Oct 16 10:28:07 savage-file puppetd[11739]: (//Node[savage-file.livetimenet.com]/nfs_moose_client/Mount[/mnt/moose_home]/ensure) change from present to mounted failed: Execution of '/bin/mount -o rw,async /mnt/moose_home' returned 32:
This has been going on for awhile (certainly back several versions of puppet) and I’ve tried some ideas with restarting it, and letting puppet do the original mount instead of the OS mounting it directly.
Related issues
History
Updated by Markus Roberts over 2 years ago
- Status changed from Unreviewed to Needs More Information
Which man page are you seeing that on? AFAIK, 32 means “mount failure” not “already mounted” — it’s an error, not a synonym for success.
Updated by Jonathan Stanton over 2 years ago
I can’t find the man page where I saw the 32 return value meaning “already mounted” but I can duplicate how the mount command line program does know the difference between a failed mount because it’s already mounted and a failed mount for other reasons (permisssions, no portmap, etc).

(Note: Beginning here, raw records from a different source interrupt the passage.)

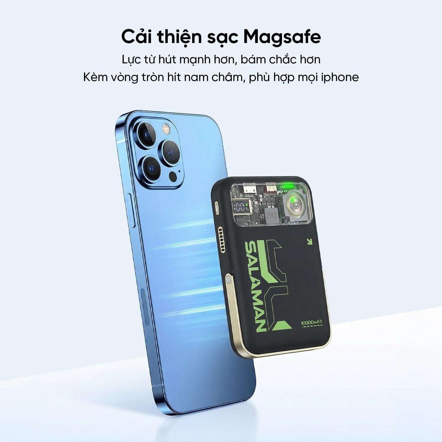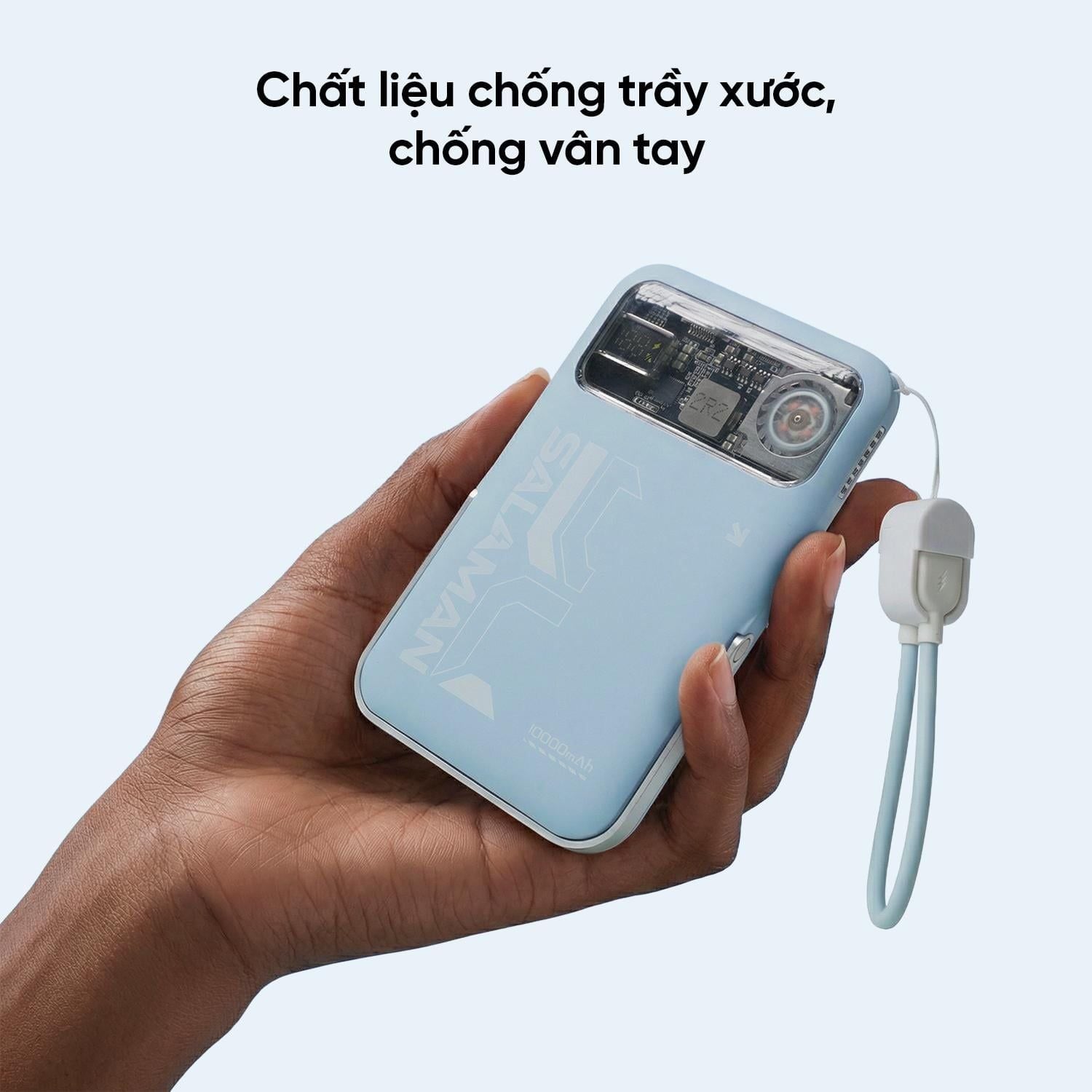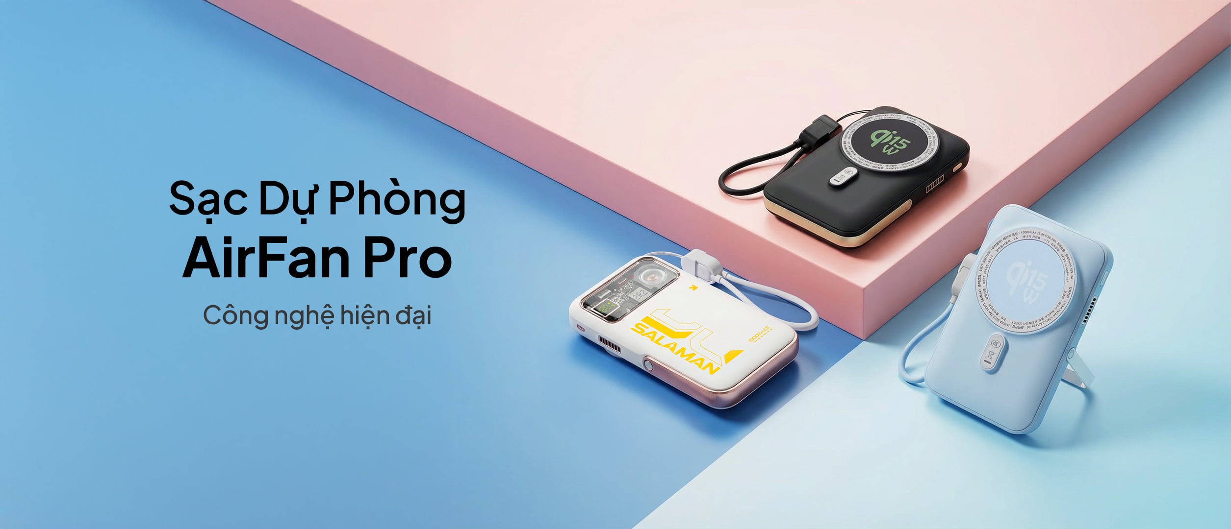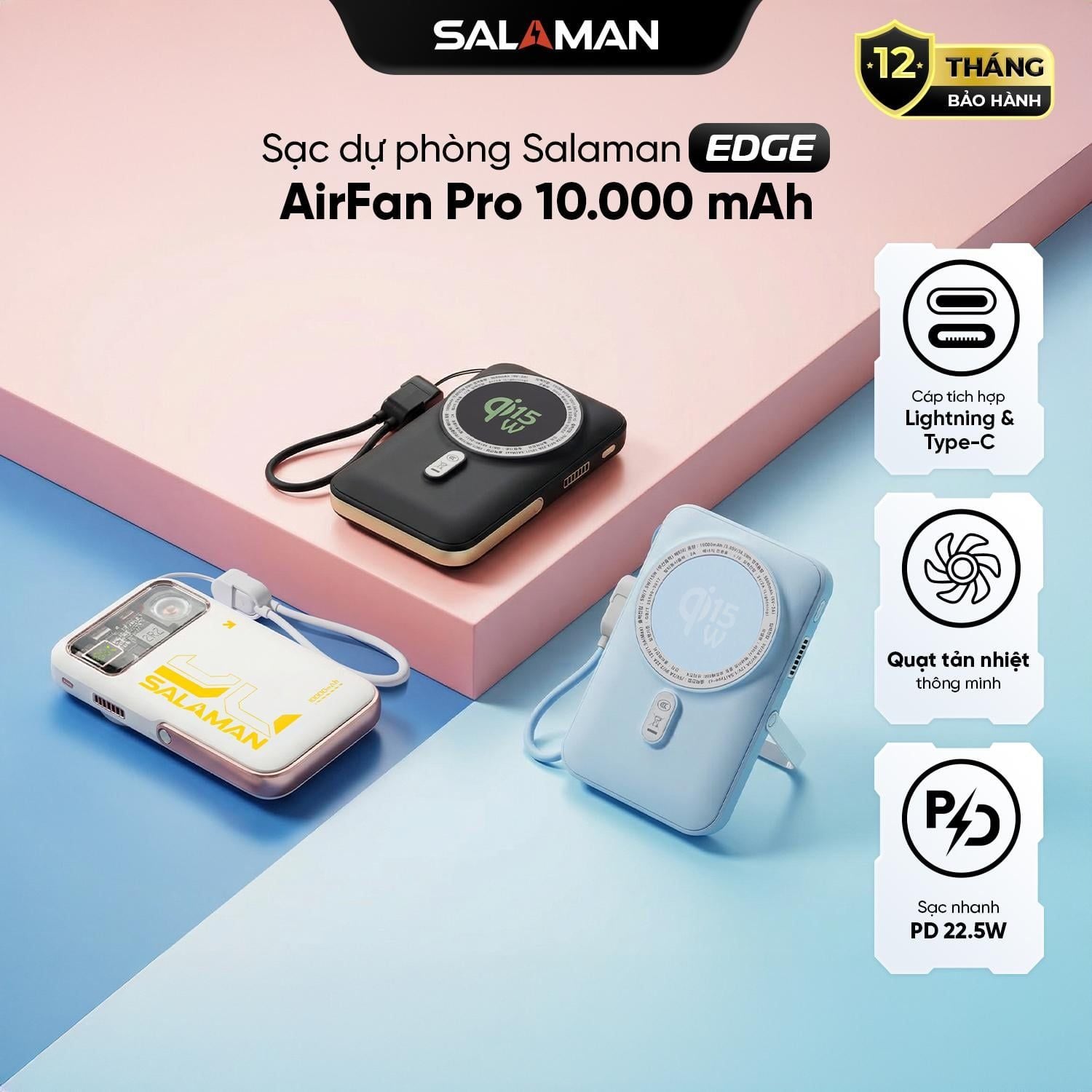 Salaman AirFan PRO là bản nâng cấp toàn diện với dung lượng 10000mAh, sở hữu lõi pin chuẩn MSDS an toàn tuyệt đối. Sản phẩm gây ấn tượng mạnh với khả năng sạc không dây tối đa 15W và hệ thống tản nhiệt tĩnh lặng có thể bật/tắt chủ động. Thiết kế lộ cơ hiện đại, bề mặt chống trầy xước cùng trọng lượng nhẹ chỉ 210g biến đây thành phụ kiện công nghệ không thể thiếu cho các Tech-fans.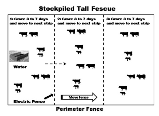 To use stockpiled forage efficiently, you must manage grazing. Uncontrolled grazing may waste about 50 to 60 percent of the forage because of trampling and manure dropping on unused forage. The best way to use stockpiled tall fescue is by strip-grazing. Restrict access to a 3- or 7-day forage supply to increase the number of grazing days. To make the most efficient use of the high-quality feed in stockpiled fields, install a temporary electric fence across the field dividing it so the area to be grazed first has a source of water and minerals. Once the animals have grazed this area off, move the fence back, opening up a new strip. Repeat this system until the entire field has been grazed (Figure 4).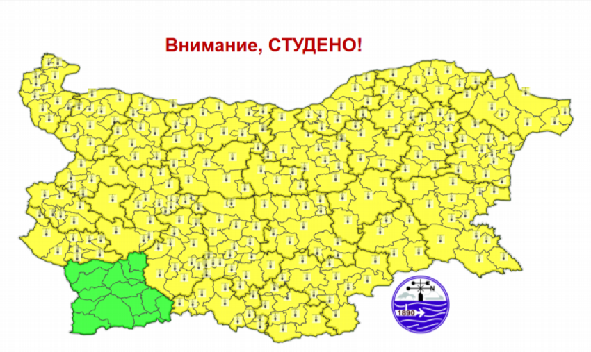 Жълт код за опасно студено време е в сила за всички области на страната с изключение на Благоевград. До минус 14 градуса се очаква да паднат температурите на места в Северна България и високите полета на Западна.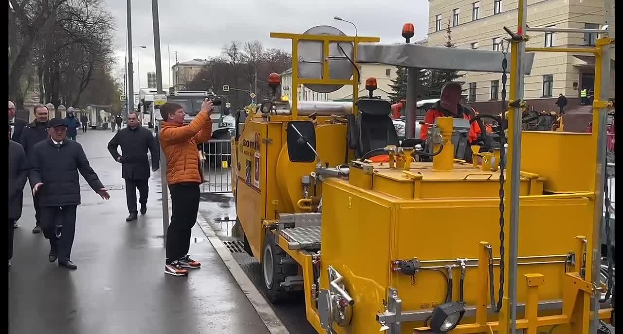 На открытой площадке перед зданием Министерства делегация ознакомилась с образцами дорожно-строительной, ремонтной и коммунальной техники, представленной в рамках уличной экспозиции, большая часть из них представлена Комплексом городского хозяйства Москвы.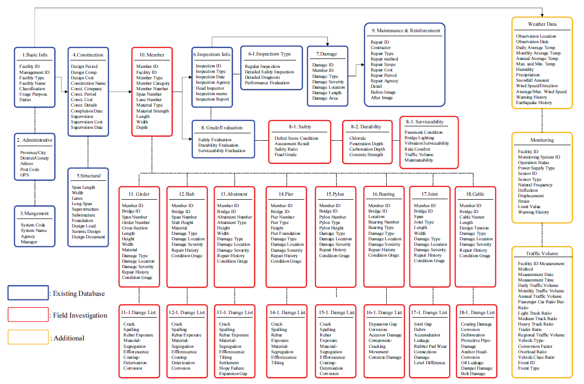 이에 본 연구에서는 기존 시설물 단위 관리체계의 한계를 극복하고, 부재 단위까지 세분화된 관리가 가능한 데이터베이스를 구축하였다. 먼저 교량, 터널,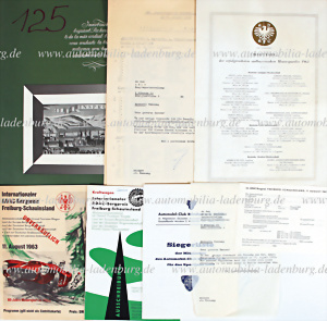 1963, Konvolut, darunter "Preis von Tirol - Innsbruck", Ausschreibung, Trainingsbestimmungen, Fahrerinformation und Ergebnisliste in Fahrermappe, Programmheft "Internationaler ADAC Bergpreis Freiburg - Schauinsland", dazu Ausschreibung, Ergebnisliste und Presseinformation, "Siegerliste Automobil Club München" dazu Ehrentafel 4 Seiten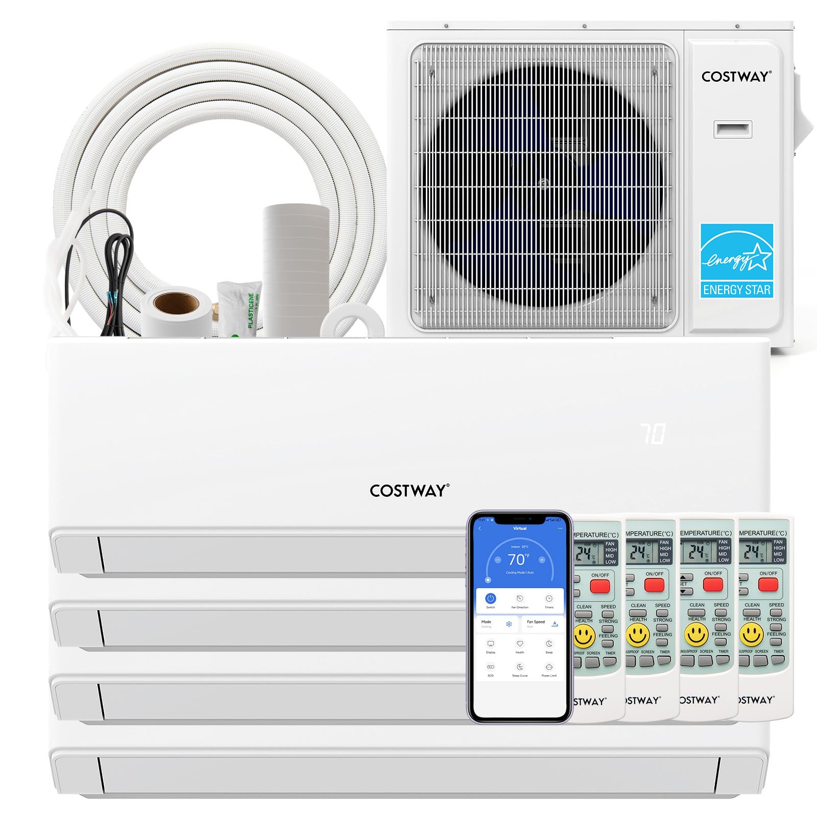 Multi-room Cooling Solution: Designed to cool any corner of your home, this 30000 BTU 4 zone(7000 BTU+9000 BTU+9000 BTU+12000 BTU) mini split air conditioner can dependently adjust the temperature to meet the individual needs of different rooms. The chassis heating function maintains the normal operation of the outdoor unit, enabling it to withstand any climate conditions (-13℉~125℉). Multiple Functions & Modes: This ductless mini split air conditioner offers 6 modes (auto/cool/heat/dry/fan/sleep) and 5 wind speeds (auto/low/mid/high/strong) for you to choose from. Other features such as auto swing, feeling and health extend comfort to daily use. Smart Control, Smart Life: You can easily adjust settings, monitor performance and control your AC from anywhere via your smartphone or the remote control. In addition, the 24-hour timer allows you to plan your climate control around your schedule conveniently. Low Noise & Easy Maintenance: With the quiet sleep mode and screen off function, you can enjoy a restful night. In addition, the filter can be easily removed and cleaned. Please note: A professional HVAC installer is required. Less Energy Consumption, Lower GWP: This energy star certified mini split ac features an innovative inverter technology, operating at a remarkable 23 SEER2 rating and 10 HSPF2 rating. The use of R32 refrigerant brings you a greener lifestyle. Moreover, it is also certified by ETL and AHRI. Description: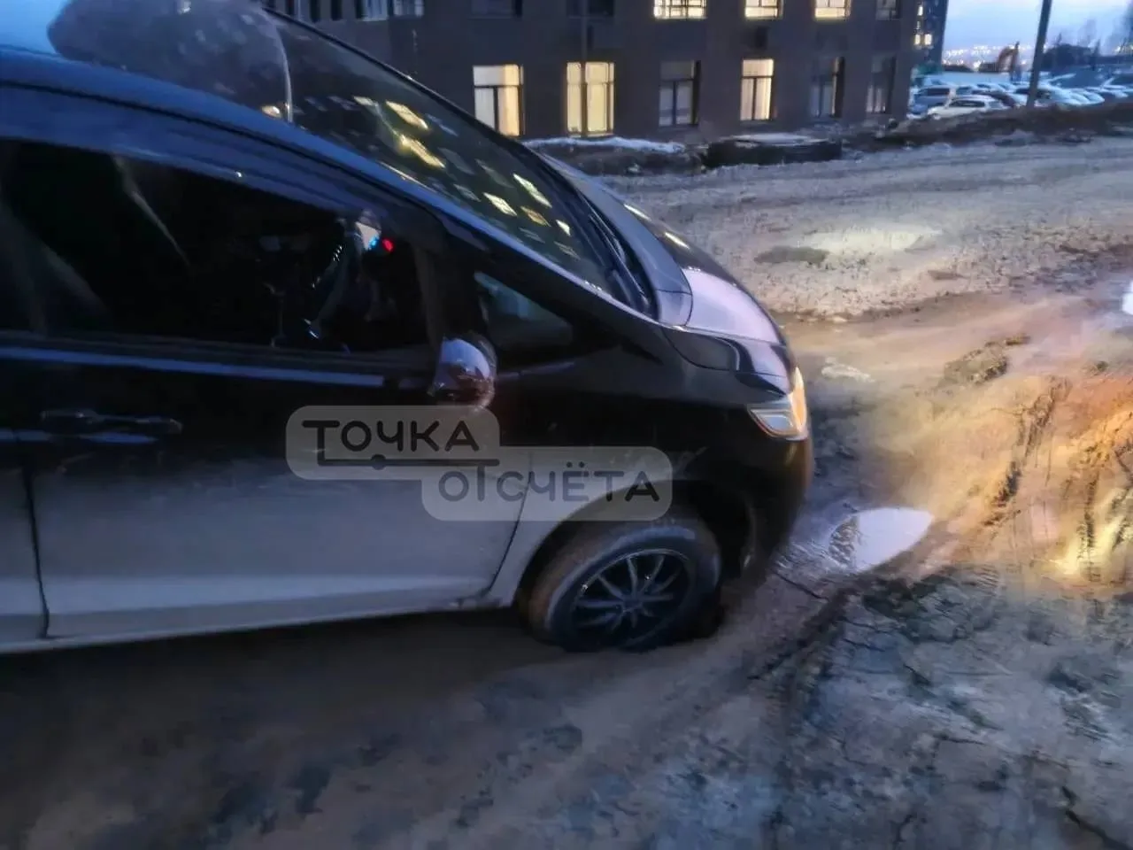 Неприятность случилась с владельцем авто на парковке около дома №7/1 на улице Жириновского в ЖК "Уюн". 7 апреля примерно в 22:30 земля буквально провалилась под колесом машины, а арматура от люка, расположенного рядом, пробила шину, сообщила "Точке отсчёта" читательница. Асфальтированной парковки пока во дворе нет, поэтому автовладельцам отвели участок для машин в грунтовом исполнении неподалёку.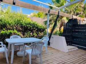 Con un accesso diretto a una terrazza, questo appartamento con aria condizionata comprende 1 camera da letto e una cucina con utensili. Presso Villa 181, Port Nature, au village naturiste è disponibile una TV a schermo piatto.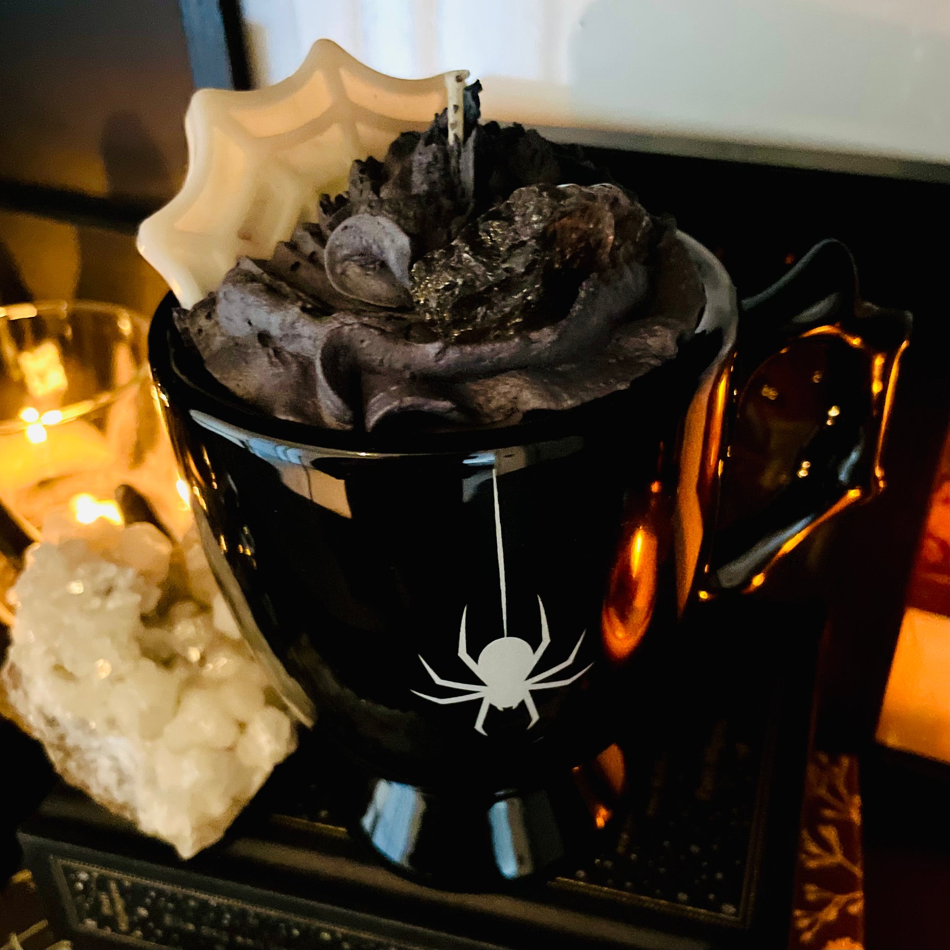 Een betoverende bloemensymfonie in een unieke gothic koffiemok, gedecoreerd met een sierlijke spin. Laat je zintuigen omhullen door een delicate bloementuin: fruitige topnoten van cyclamen openen de geur, gevolgd door het hart van pure witte orchidee die een rijk en elegant bloemenboeket onthult. Basisnoten van vanille en musk zorgen voor een warme, troostende afsluiting.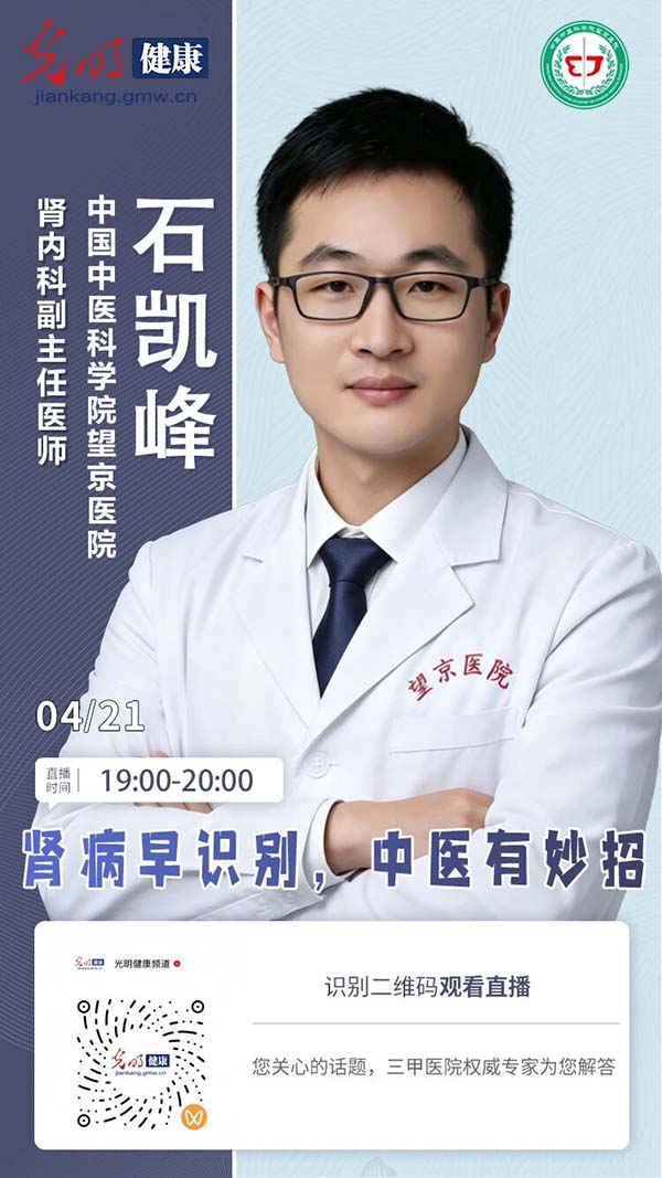 4月21日(周二)19:00,望京医院副主任医师石凯峰为您带来:肾病早识别,中医有妙招。敬请关注本期精彩直播!

See the following commands I ran on the same machine as before when trying the same mount command that puppet does (copied from the puppet log)
root@savage-file:/var/log# /bin/mount -o rw,async /mnt/moose_home mount.nfs: /mnt/moose_home is already mounted or busy root@savage-file:/var/log# echo $? 32
So mount.nfs is actually getting an EBUSY errno (from the mount syscall) not a EPERM or EINVAL. So it prints the error that it is already mounted, but also has a return value of 32.
Now if I try the exact same mount but give the “remount” option so it tries to remount an existing mount I get success:
root@savage-file:/var/log# /bin/mount -o remount,rw,async /mnt/moose_home root@savage-file:/var/log# echo $? 0
which would indicate success to Puppet and allow it to mark the nfs partition as in mounted state.
Maybe the linux/mount provider in puppet needs to either check if the partition is already mounted (and then stop trying to mount it) or it should try with the “remount” option first and if that fails (as it is documented in the mount man page to fail with EINVAL if it is attempted on a source that is not already mounted) then it will mount it without the remount option.
Updated by Markus Roberts over 2 years ago
- Status changed from Needs More Information to Investigating
Updated by Ricky Zhou about 2 years ago
Hi, I looked through the code a bit, and it seems that puppet does try to check if the filesystem is mounted first.
I’ve been getting this with 0.25.1 as well, and I think it could be related to SELinux preventing puppet from checking if the filesystem is mounted (I have gotten AVC denials about puppet attempting to redirect output from mount into a temporary file).
Jonathan, do you have SELinux enabled, and can you check if this still happens with it disabled?
I’m not completely sure what the best solution is to this. I guess an SELinux policy fix is in order, but I’m not too familiar with why puppet needs a temporary file to get the output of a command to begin with. There is a comment in util.rb about this:
# There are problems with read blocking with badly behaved children # read.partialread doesn't seem to capture either stdout or stderr # We hack around this using a temporary file # The idea here is to avoid IO#read whenever possible.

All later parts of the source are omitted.